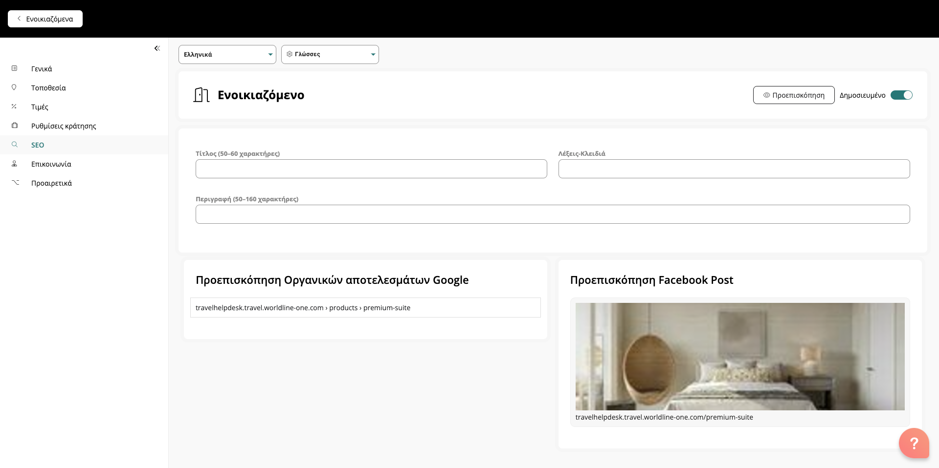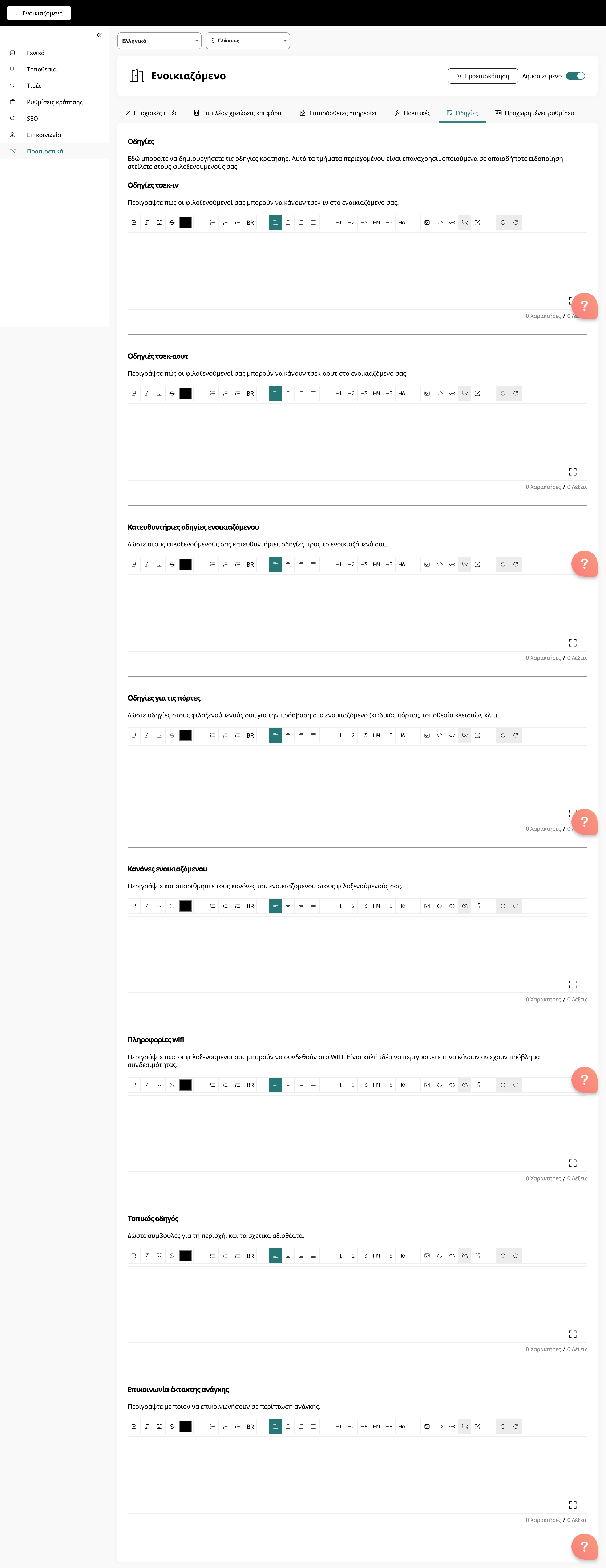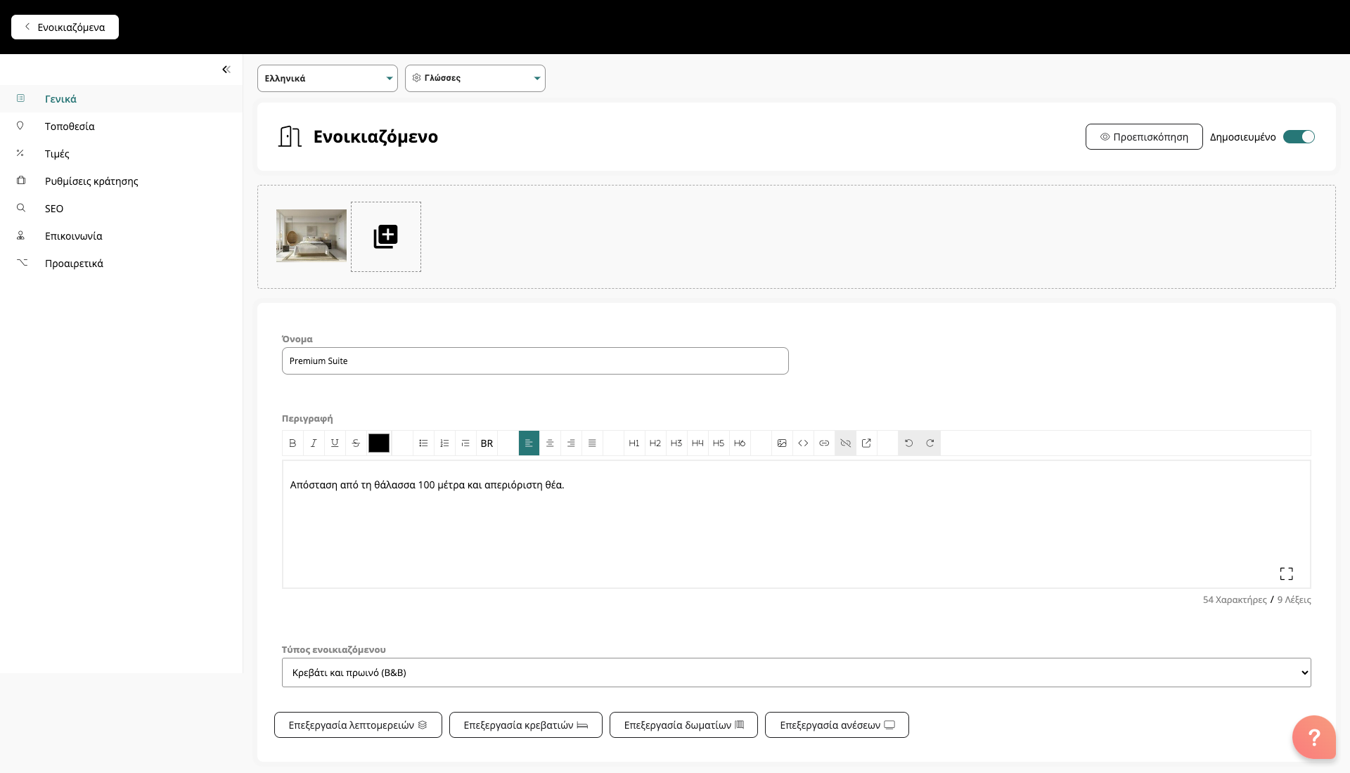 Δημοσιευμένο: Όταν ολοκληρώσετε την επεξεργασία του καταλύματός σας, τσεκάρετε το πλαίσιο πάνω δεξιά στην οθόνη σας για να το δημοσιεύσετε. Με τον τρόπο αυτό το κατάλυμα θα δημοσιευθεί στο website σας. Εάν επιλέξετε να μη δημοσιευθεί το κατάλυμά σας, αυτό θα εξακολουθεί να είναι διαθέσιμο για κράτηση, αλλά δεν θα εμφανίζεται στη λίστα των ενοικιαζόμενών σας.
* * *
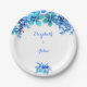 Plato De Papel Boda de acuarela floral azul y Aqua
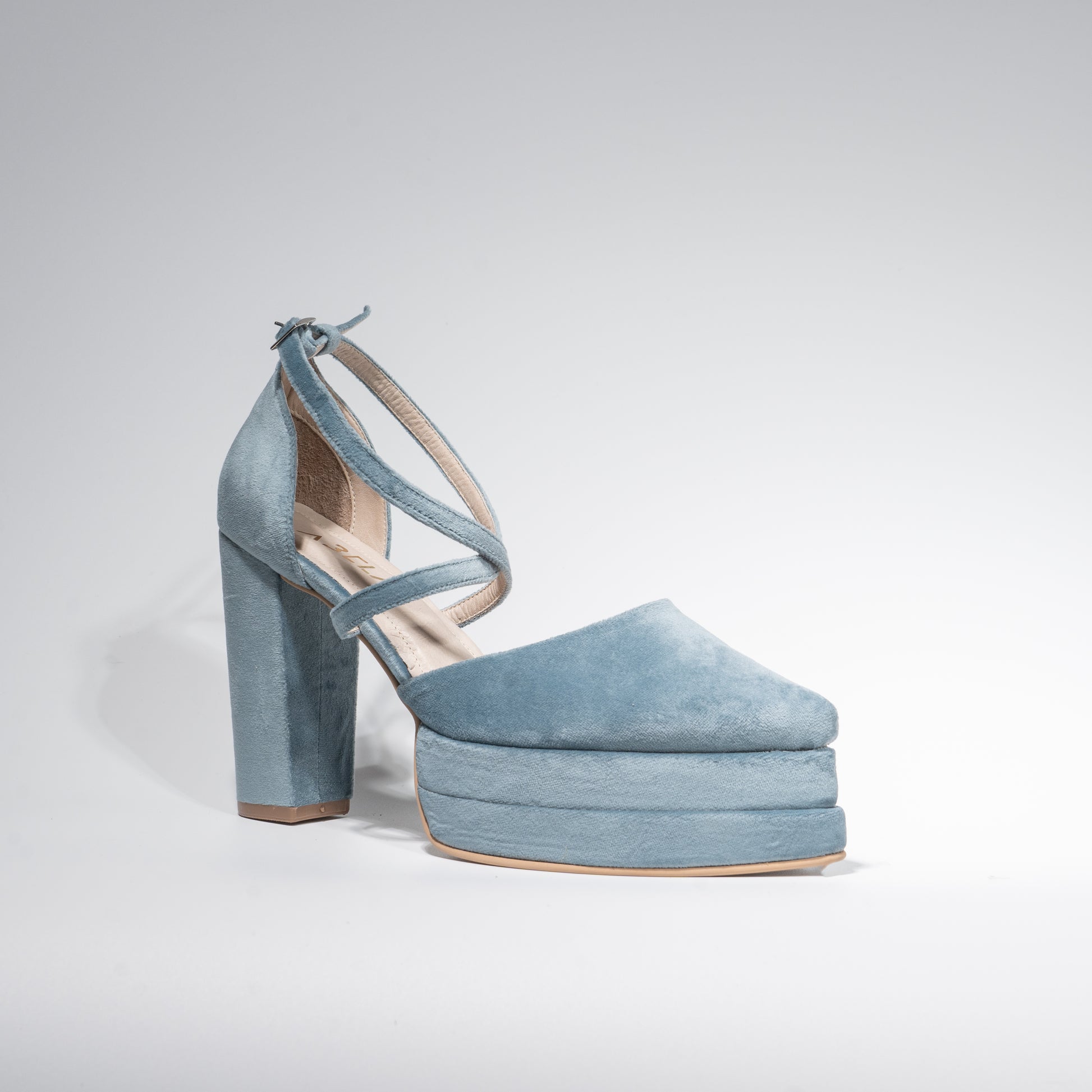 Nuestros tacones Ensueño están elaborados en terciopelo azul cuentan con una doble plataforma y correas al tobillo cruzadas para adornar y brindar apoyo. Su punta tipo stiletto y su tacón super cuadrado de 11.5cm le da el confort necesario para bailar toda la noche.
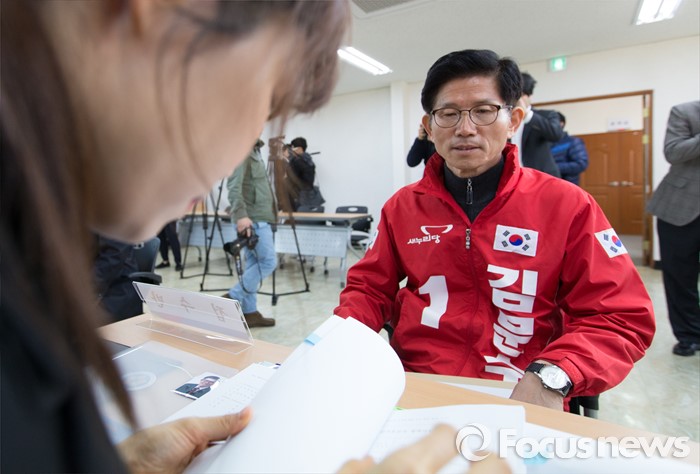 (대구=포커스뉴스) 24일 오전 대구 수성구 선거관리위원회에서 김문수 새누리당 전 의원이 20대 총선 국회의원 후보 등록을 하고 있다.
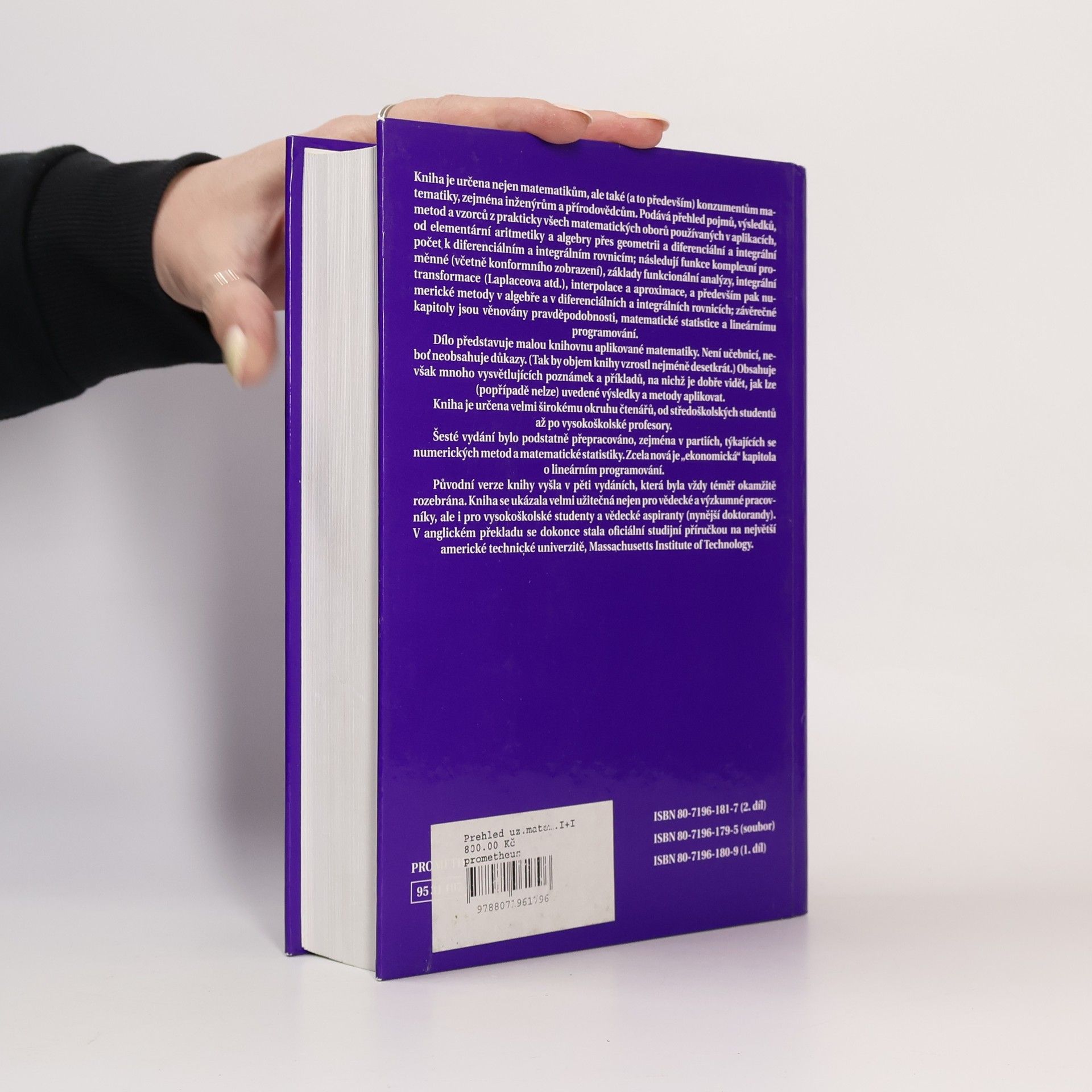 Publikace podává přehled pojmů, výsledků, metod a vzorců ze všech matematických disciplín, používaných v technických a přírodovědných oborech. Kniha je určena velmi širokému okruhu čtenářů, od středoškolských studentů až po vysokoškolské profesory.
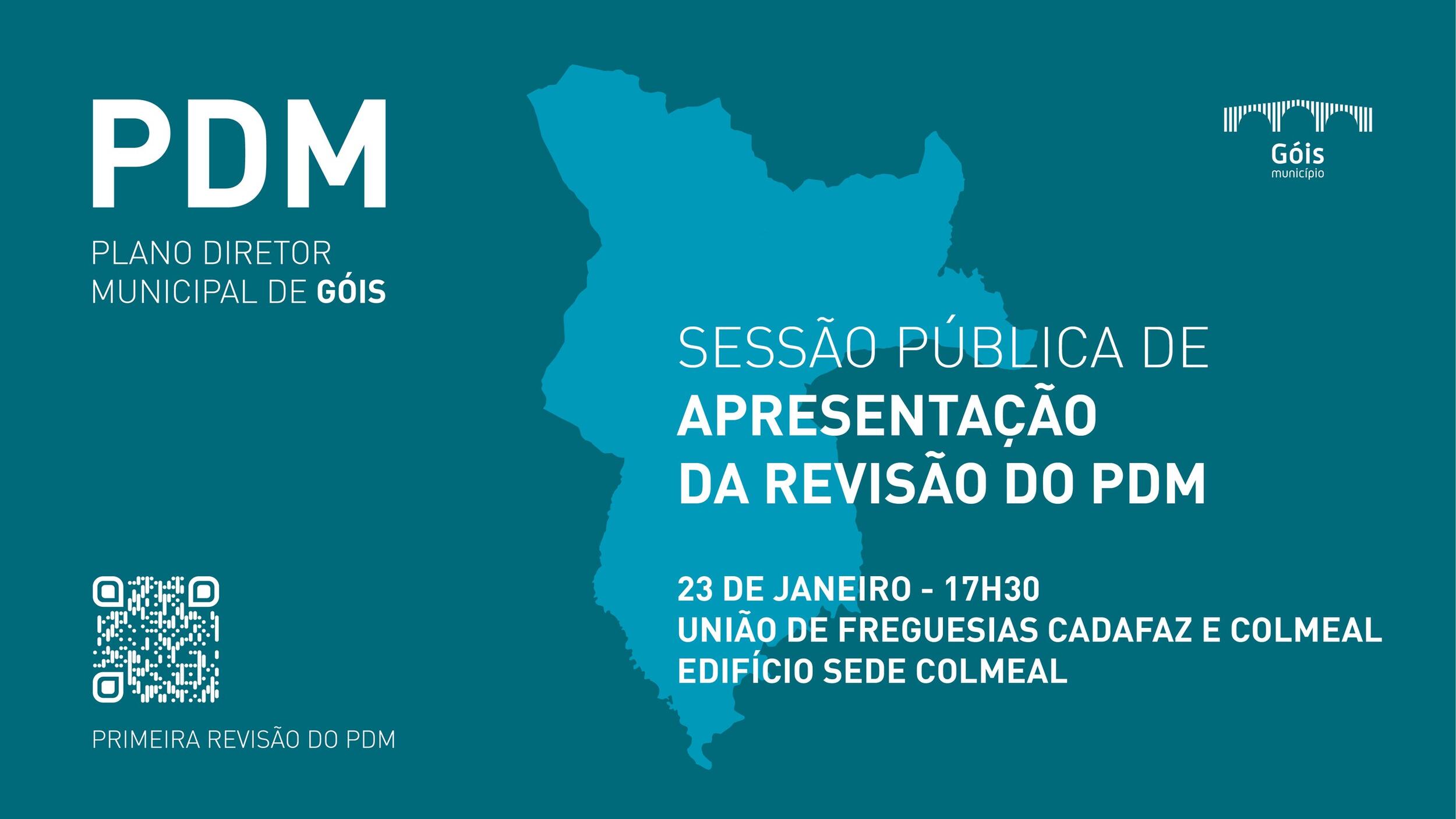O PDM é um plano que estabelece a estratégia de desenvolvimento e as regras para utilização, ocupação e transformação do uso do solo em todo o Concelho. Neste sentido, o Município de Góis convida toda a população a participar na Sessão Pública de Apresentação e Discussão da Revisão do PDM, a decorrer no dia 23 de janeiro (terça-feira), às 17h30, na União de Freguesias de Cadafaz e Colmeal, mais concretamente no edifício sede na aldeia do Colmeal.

◆ PROMPT
All lines above starting at the one with "Plato De Papel" and ending at the one with "Publikace podává přehled", inclusive, are to be printed again exactly, with the pictures left out.

◆ RESULT OF THE TASK
 Plato De Papel Boda de acuarela floral azul y Aqua
 Nuestros tacones Ensueño están elaborados en terciopelo azul cuentan con una doble plataforma y correas al tobillo cruzadas para adornar y brindar apoyo. Su punta tipo stiletto y su tacón super cuadrado de 11.5cm le da el confort necesario para bailar toda la noche.
 (대구=포커스뉴스) 24일 오전 대구 수성구 선거관리위원회에서 김문수 새누리당 전 의원이 20대 총선 국회의원 후보 등록을 하고 있다.
 Publikace podává přehled pojmů, výsledků, metod a vzorců ze všech matematických disciplín, používaných v technických a přírodovědných oborech. Kniha je určena velmi širokému okruhu čtenářů, od středoškolských studentů až po vysokoškolské profesory.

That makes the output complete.